* Dataset excerpts *
*** Block opens ***
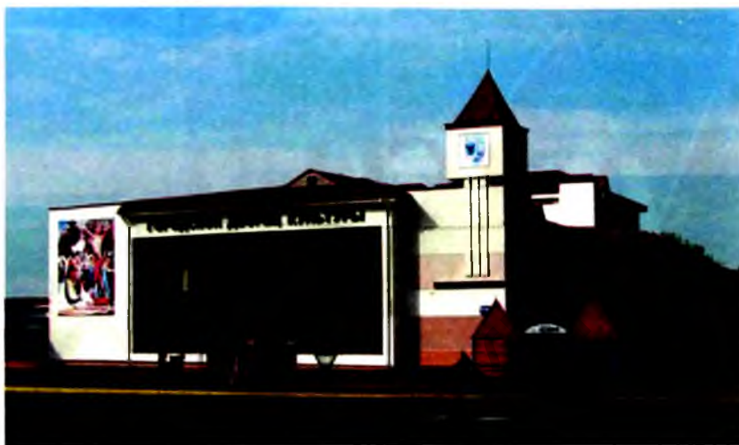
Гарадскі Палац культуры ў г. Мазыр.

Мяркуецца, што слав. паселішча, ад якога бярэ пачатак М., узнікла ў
*** Block closes ***
*** Block opens ***
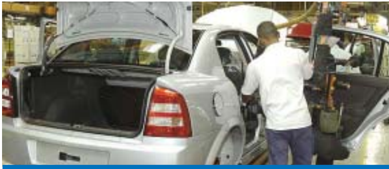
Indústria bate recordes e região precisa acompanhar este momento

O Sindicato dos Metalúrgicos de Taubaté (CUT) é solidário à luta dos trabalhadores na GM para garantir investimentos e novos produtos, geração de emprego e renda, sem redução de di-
*** Block closes ***
* Directions *
In the listing above, start at the line with "Гарадскі Палац культуры ў г. Мазыр.", go on through the line with "Мяркуецца, што слав.", and copy each of those lines exactly; leave out all the rest.

* Problem solution *
Гарадскі Палац культуры ў г. Мазыр.

Мяркуецца, што слав. паселішча, ад якога бярэ пачатак М., узнікла ў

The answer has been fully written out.